The study aim was to collect information regarding the use of PHD for research from individuals with actual experience in this area, in other words, individuals and researchers who were already generating or using digital self-tracking data. These are, however, essentially “hidden” populations: there are no lists of self-trackers from which we could draw a sample, and since this is a relatively new field, there are only a small percentage of these early adopters in the general population. For this reason, we chose to use a targeted convenience sampling strategy, recruiting participants through postings on self-tracking-related web pages, relevant press releases, and topical social-media channels including blogs and tweets. In order to address the possible biases resulting from this sampling strategy we asked demographic questions that enabled comparisons to the general population. In addition, we also asked questions that were included in the Pew Research Center’s “Tracking for Health” study in order to calibrate our sample against Pew’s national sample.1 Individuals were offered participation in a drawing for an iPad or Android tablet as an incentive for participation.

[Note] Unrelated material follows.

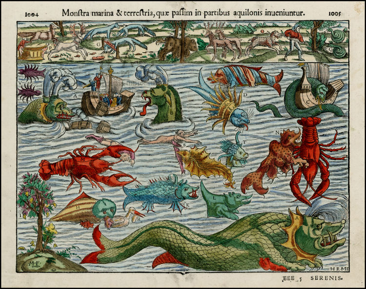 Auf der geograph. Karte von Hans Rudolf Manuel Deutsch in der Weltchronik von Sebastian Münster (1572) steht: Monstra marina & terrestria quae passim in partibus aquilonis inveniuntur:

Standardized interview protocols were developed for use with each of the three stakeholder groups. Interviews with individuals and researchers were designed to complement the surveys by providing richness to the findings and eliciting data that would be difficult to collect in a survey. Company/key informant interviews included experts in the area of PHD, as well as representatives of a range of companies that provide personal health devices, apps, or services. The intent was to gauge companies’ willingness to participate in collaborations with academic researchers and understand the business, technological, and social factors that affect their decision-making. Thus, semi-structured qualitative interview protocols were developed based on the same set of high-level questions that drove initial survey design, as well as preliminary analyses of the survey data that were collected.

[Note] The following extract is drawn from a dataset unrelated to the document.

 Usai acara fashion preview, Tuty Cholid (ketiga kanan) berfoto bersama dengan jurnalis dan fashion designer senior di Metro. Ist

Potential individual and researcher interviewees were selected from among those who completed the survey and were willing to be contacted for follow-up interviews. A stratified random sample of individuals was selected to ensure equal numbers of men and women and a variety of research interests. Potential participants were invited to participate by email or phone. Interviews were conducted by phone or in person and were audio-recorded and transcribed. Representatives of central organizations in the PHD economy and key informants were selected for interviews based on their personal expertise and roles as decision makers in their organizations. Detailed notes were taken for company interviews to avoid confidentiality concerns with audio-recording.

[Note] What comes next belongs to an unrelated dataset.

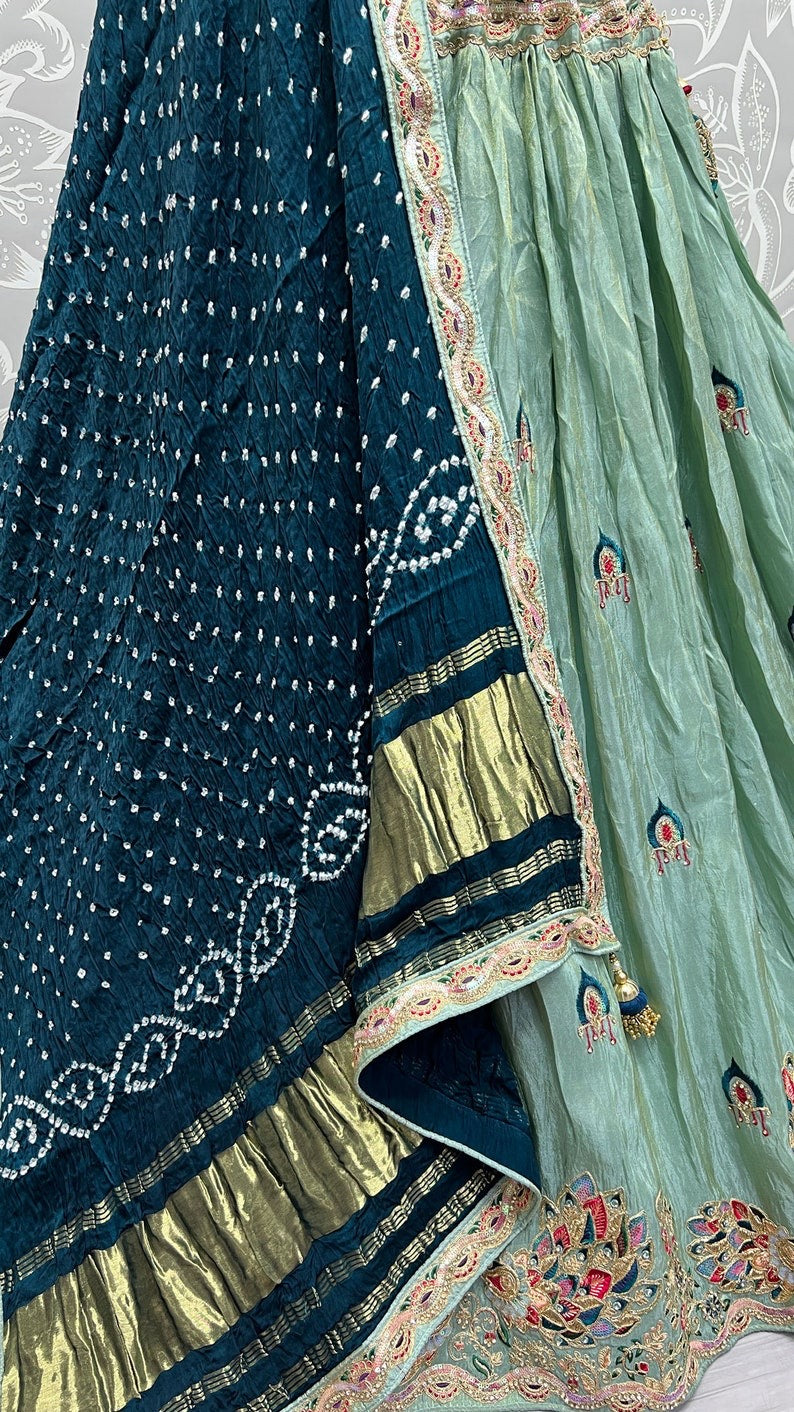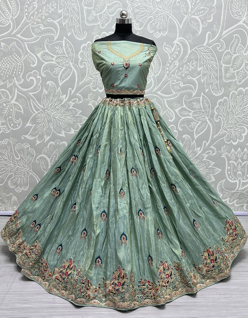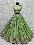 Parrot Colour Net Embroidered Lehenga Choli for Wedding

Data and Statistical Analyses

All analyses were conducted using the statistical software package R. Percentages, two-sided t-tests, Mann–Whitney U-tests, or chi-square tests were used to describe and compare survey responses. All P-values are uncorrected for multiple testing. Interview data were analyzed from a grounded theory approach using the Dedoose software package.11,12



Sample Characterization

A total of 465 individuals completed the survey and 11 of these individuals were interviewed. Demographic statistics and descriptors that characterize the nature and degree of self-tracking in this cohort are provided in Table 1. As shown, the targeted sampling strategy was effective at recruiting a sample of individuals in which self-tracking was relatively common (91%). Although this was the goal of the project, it should be emphasized that our results are based on data from early adopters who are likely generally healthy, and thus, important additional viewpoints, including additional concerns and issues, may emerge as use of these technologies expands.

Table 1:
Demographics and self-tracking characterization (individuals, N = 465)

Survey Results

The most common types of data tracked were exercise, diet, weight, athletic activity, and sleep (Figure 1). Participants reported a higher frequency of tracking for general health than tracking to manage a medical condition or chronic disease. Cell phone apps were more commonly used than websites for tracking, and both were more commonly used than paper or “in your head” tracking. We also found that the use of cell-phone apps for self-tracking correlated with age, with 100% of the 18–25 year-olds who reported any self-tracking indicating that they did so using cell phone apps compared to only 18% of those over age 65 years. The use of cell phone apps for tracking health did not significantly differ by income group.

Figure 1:
Individuals who use cell phone apps are most likely to use apps aimed at fitness, diet, and weight.

Results of survey items that asked participants about perceived data ownership are shown in Table 2. Over half of respondents believed they own all their data, and with respect to data sharing, 45% reported sharing their health tracking data with someone, either online or offline (Figure 2). Relevant to this finding, a theme that emerged from the interviews was that while individuals felt their self-tracking data could be useful to share with healthcare providers, they perceived that providers had little interest in it. Respondents reported a general willingness to share their data for use in research (Table 2). Exploring this further, participants reported that they were more willing to share data for use in a scientific study that they found interesting versus one they found uninteresting (P = 0.007). There was no difference between general willingness to share and willingness to “donate your personal health and activity data to a scientific database.” When asked about compensation, 56% of the participants said they would be “more” or “much more” likely to share data if they were compensated (Table 2). Many respondents also reported an aversion to commercial or profit-making use of their data.

Figure 2:
Individuals reported that they most often shared PHD with friends and partners, as well as health professionals.
Table 2:
Individual Early Adopter Survey results (N = 465)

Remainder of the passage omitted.